Since then, this Court decided in Hinton v. Canada (Minister of Citizenship
and Immigration), 2008 FCA 215, [2008] F.C.J. No. 1004 (Hinton), that
a claim for damages could be included in a judicial review which had been
converted to an action pursuant to subsection 18.4(2) of the Act.
[23]
Hinton allows P&H to argue that
there is no impediment to having its action and its application for judicial
review to proceed together since the application for judicial review could be
converted to an action which includes a claim for damages. Since this argument
was not before Barnes J., given that Hinton was decided after Barnes J.

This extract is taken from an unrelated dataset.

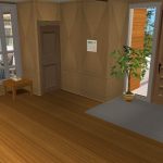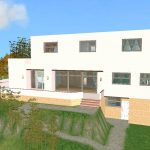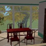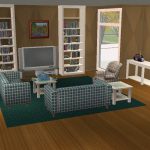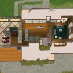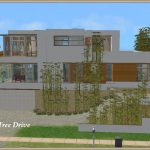 Bay Tree Drive criss crosses Modern Second Island, a neighborhood of ultra-modern sims who love to be on the cutting edge and live only in modern houses. This lot combines a rural feel with modern as you walk up a gravel road to reach the front door and the whole place is surrounded by bay trees and bamboo. The modern picture window with crossbar lets in lots of natural light and views of the bay trees. Upstairs you have two bedrooms and two baths and a little rooftop garden/sundeck. The house also includes pool and base game garage which should be easily convertible to functional. Modern Second Island sim, Ginger Baylor, is living in a model like this one. She is now platinum, having made friends with Lincoln James and Mack Motley by serving sandwiches and gelatin and playing some chess. While I can’t guarantee platinum status for any sim who lives here, I can guarantee a comfy, easy-in and out house!

had rendered his decision, we are asked to consider it at first instance.
[24]
In deciding as it did in Hinton, this Court was aware
of the possibility that the conversion of judicial review applications to
actions (including claims for damages) could easily lead to the unwinding of
the Federal Court's exclusive jurisdiction over judicial review: see Hinton,
at para. 51. While that concern is not present here, as there are two separate
proceedings, there remains a need for prudence. It is not at all clear that
actions and applications for judicial review can be consolidated without
indirectly converting the application for judicial review into an action. If
that is true of a consolidation, the fact of hearing them together may lead to
the same practical result. Given the history of these proceedings and the
centrality of the issue of the lawfulness of the decisions taken by the Agency,
it is appropriate that the application for judicial review proceed to its
conclusion before the action resumes. This is consistent with the caveat
registered by this Court in Hinton at paragraph 54.
[25]
In the end result, I would dismiss the appeal with costs.
"J.D.
Denis Pelletier"
NADON J.A. CONCURRING
[26]
I have
read, in draft, the Reasons of my colleagues Sharlow J.A. and Pelletier. J.A.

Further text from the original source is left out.